5. lq9AJ8yrfs ◴[] No.44382403[source]
> It is a self policying system that require some level of cooperation.

How hard is it to obtain one of these certificates as a bot?

What you are describing though is possibly comparable to Privacypass.

Apple seems to be on board with Privacypass, perhaps they'll include a digital voucher of some kind with their devices and that presumably contributes to old devices getting worse as the voucher is spent down.

Just imagine if the whole web can contribute to planned obsolescence and you can pay for a fast, hassle free internet experience again just by buying a new phone.

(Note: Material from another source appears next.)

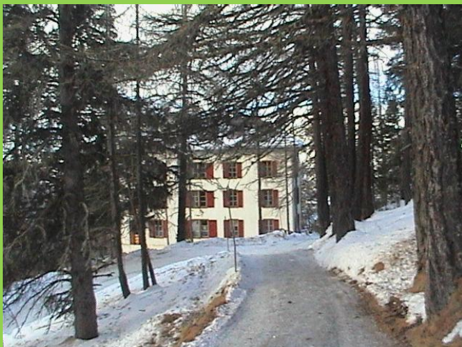
Lerchenallee zum Hotel

And then you can dump the old ones on eBay for cheap as long as you don't plan on using them to access online services. Unless you are willing to settle for basic economy web experience.

6. awb ◴[] No.44382406[source]
PageRank worked well for Google for a long time. This sounds like an adaptation of that that’s interesting to consider.
7. driverdan ◴[] No.44383816[source]
Absolutely not. You should not want a service to do privacy invasive cross site tracking like that.
replies(1): >>44387305 #
8. dadoum ◴[] No.44387305[source]
There are cryptography primitives allowing you to privately make an intersection of the certificates you have and the providers the site would trust and compute a kind of score while not exposing any of your certificates or which providers trusted you amongst them. (the only thing is that a website could extract the knowledge that one specific provider trusted you if they only trust one, but that could probably be fixed with a better protocol that the one I have in mind).
9. jefftk ◴[] No.44387374[source]
> How about a reputation system where users bring proof that other websites haven't found them abusive.

If you're not careful something like that can subvert the efforts to reduce cross-site tracking, but you can do resolve this with thoughtful cryptography: https://privacysandbox.google.com/protections/private-state-...

10. calmoo ◴[] No.44396384[source]
Good in theory, Orwellian in practice.